AIRE’s “solar benefit web calculator” has been updated

Granted it isn’t only for the potential of saving money that we might want to put solar on our home, business, school or place of worship. After all, greenhouse gas emissions are literally killing us. Money is a necessary construct though, if you’re going to install solar. The sunshine is free but it does cost something to install a system. AIRE’s benefit calculator lists the most important considerations at the outset and then allows you to insert your numbers to spit out a benefit graph. We’ve long had a calculator published on our website and this update adds some key variables.[1] Here’s an example that shows why the variables matter, and why good policy (which we DON’T have) also matters.

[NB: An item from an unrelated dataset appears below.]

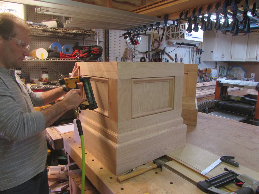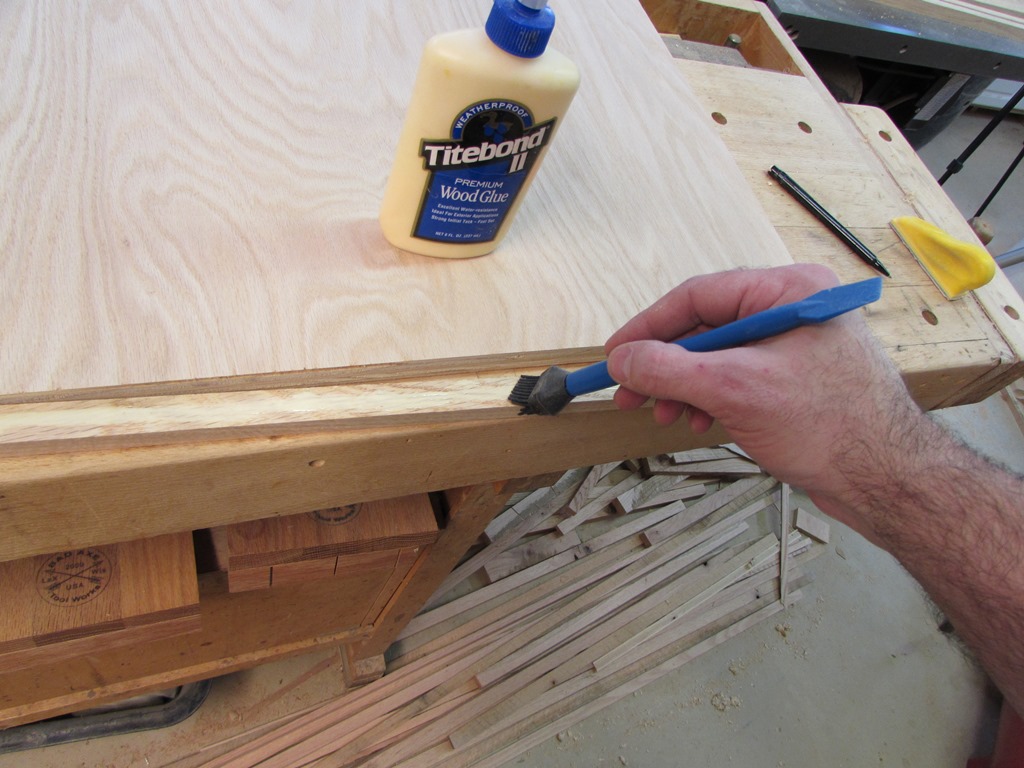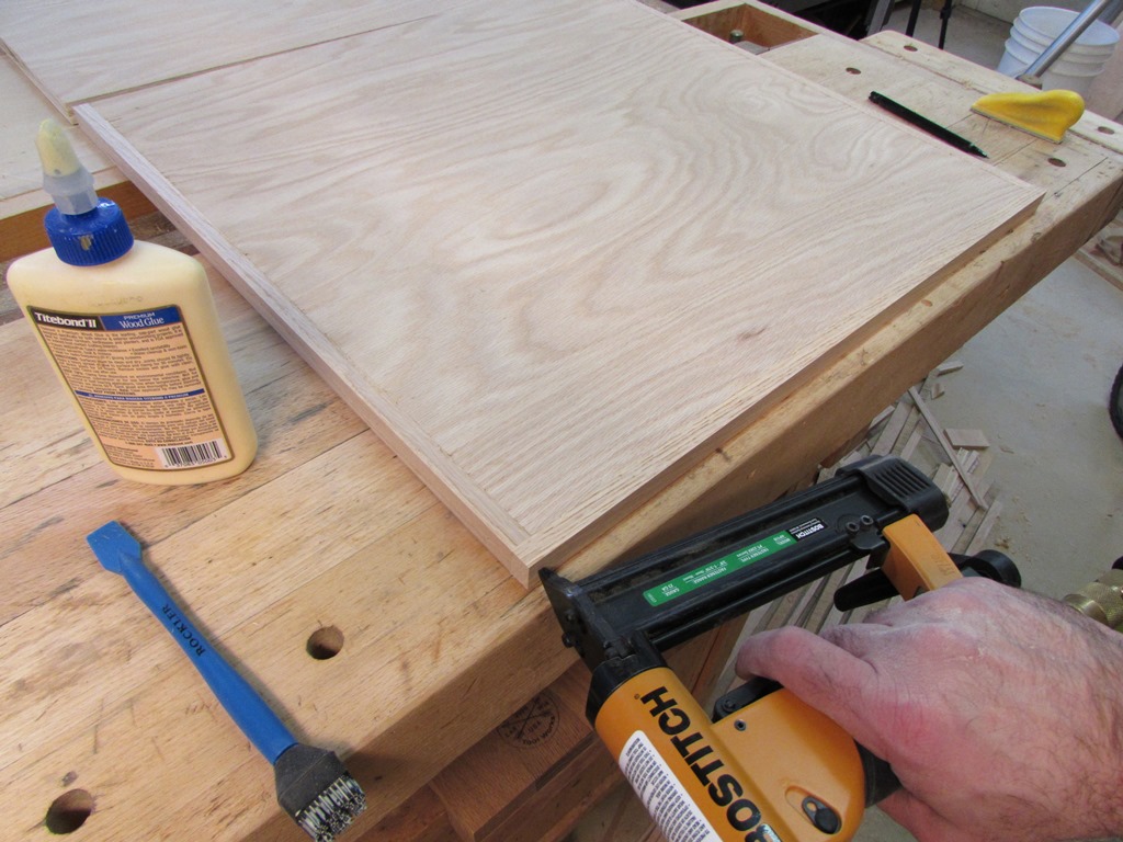 Final step is to spread wood glue liberally across the tops and shoot a couple of brad nails in to hold the tops in place while the glue dries.

The costs and benefits of solar aren’t all natural law. Most are constructed via policy and regulation and these rules work at odds against solar by and large.[2] Lets say your church is planning to install a system so it can spend more money on feeding the hungry and less on “feeding a giant investor-owned utility’s” profits. With relatively few barriers (i.e. see the way we set the variables in this example), solar can help feed the hungry as the example below shows.

Solar can yield a substantial financial benefit over time (if your utility doesn’t sabotage you, that is). And even when they do, your solar project is contributing to the reduction of greenhouse gas emissions and adding “one more solar project” to the movement map.

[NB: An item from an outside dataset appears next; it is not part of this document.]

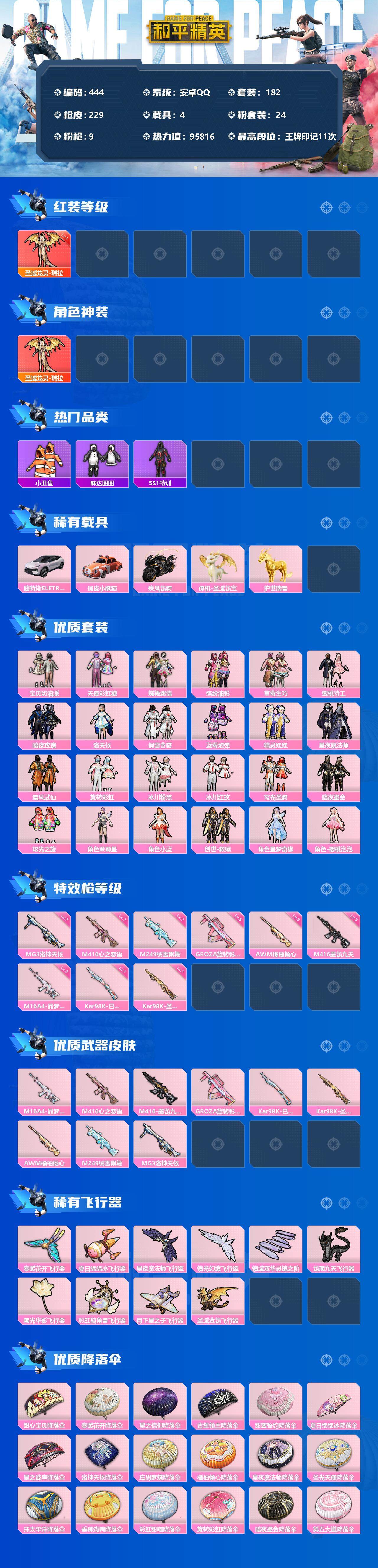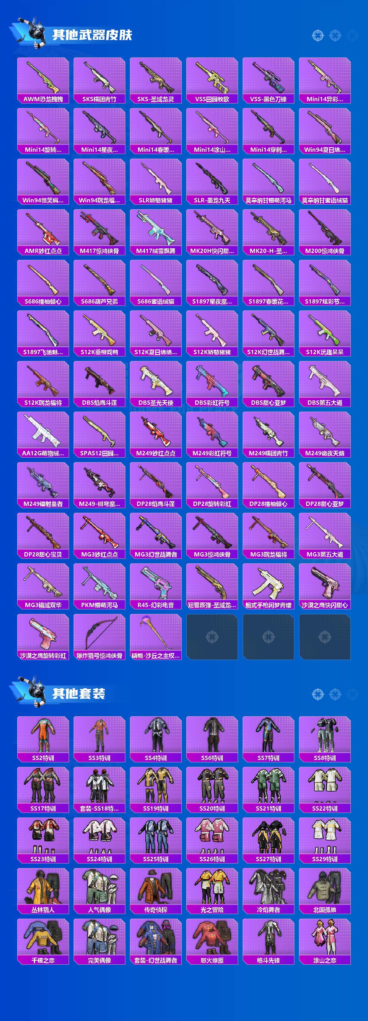 4载具-182套装-229呛皮-182套装/呛械9/装备370/载具4/战备219/王牌印记11/热力值95816/三级m16a4-晶梦幻蝶/七级m416-心之恋语/三级m416-墨龙九天/五级groza-旋转彩虹/kar98k-巳巳如意/一级kar98k-圣域龙灵/三级awm-橘柚倾心/七级m249-绒雪飘舞/七级mg3-洛神天依/一级圣域龙灵-瑞拉/圣域龙灵-瑞拉/粉装-缤纷油彩/小丑鱼/胖达圆圆/ss1特训/套装-龟仙

Take the same system and plop it on the roof of a church in my utility service area (Blue Ridge Energy in Boone, NC) and see what happens. Though still feeding the hungry, now the church pays a “solar punishment fee” too. The utility gobbles up some of the benefit, taking some of it from the hungry, as the chart below shows.

When your utility charges an extra fee for you to have solar, it robs some of your benefit. In this example, how many meals for the hungry are displaced by the $873 the utility charged just for having solar power?

If we were to add a loss factor for net metering [3] this chart would change yet again, because now you’re generating electricity that you can’t use (a surplus) and selling it to your utility via a credit on your power bill for more or less 50 cents on the dollar, plus you may end up surrendering credits you’ve banked at the end of the cycle. One more thing about this example. Since we’re using a religious entity as the hypothetical, it isn’t able to benefit from the tax incentives otherwise available. There are legal and ethical ways for doing this but must be evaluated judiciously. Sometimes the factors align and sometimes they don’t, so it’s case-by-case.

We’ve seen lots of “benefit calculators” out there in web-world and some are downright misleading. We don’t want anyone getting into solar solely for financial logics only to say a year out, “hey, what happened to my benefit!!!???” Use AIRE’s calculator, use some others too, ask critical questions, analyze carefully and make your best decision. We don’t assume “friendly” default numbers, so you’ll have to do some thinking just to use ours which is a good thing.

[1] Our work has always been aimed at “optimizing” these variables since anyone wanting solar now must work within those constraints. Of course, we want to help inform policy activism and there’s good defensive work being done in that important arena.

[2] Good policy and regulatory behavior involves a lot of wonky minutia. Most people would prefer a trip to the dentist- no offense to you dentists!- than to think about what’s behind the numbers on their power bill. Suffice it to say that the way rates, costs, fees, and economics are worked out in state utility commissions are a produce of political power, not the natural laws of physics, or even the dismal laws of economics. Rather, they are indeed products of corporate power in a contested space.

[3] Maybe we will soon, but net metering is under constant attack by the utilities, their lobbyists and trade organizations. The example used in this post assumes that every kilowatt of solar will be used by the church, thus negating the loss of selling it’s excess solar to the utility for half the price it pays the utility for energy. It assumes a “Net Billing” rate schedule which is different that Net Metering. These considerations are fairly straight forward though not something to sketch out on a napkin before you invest.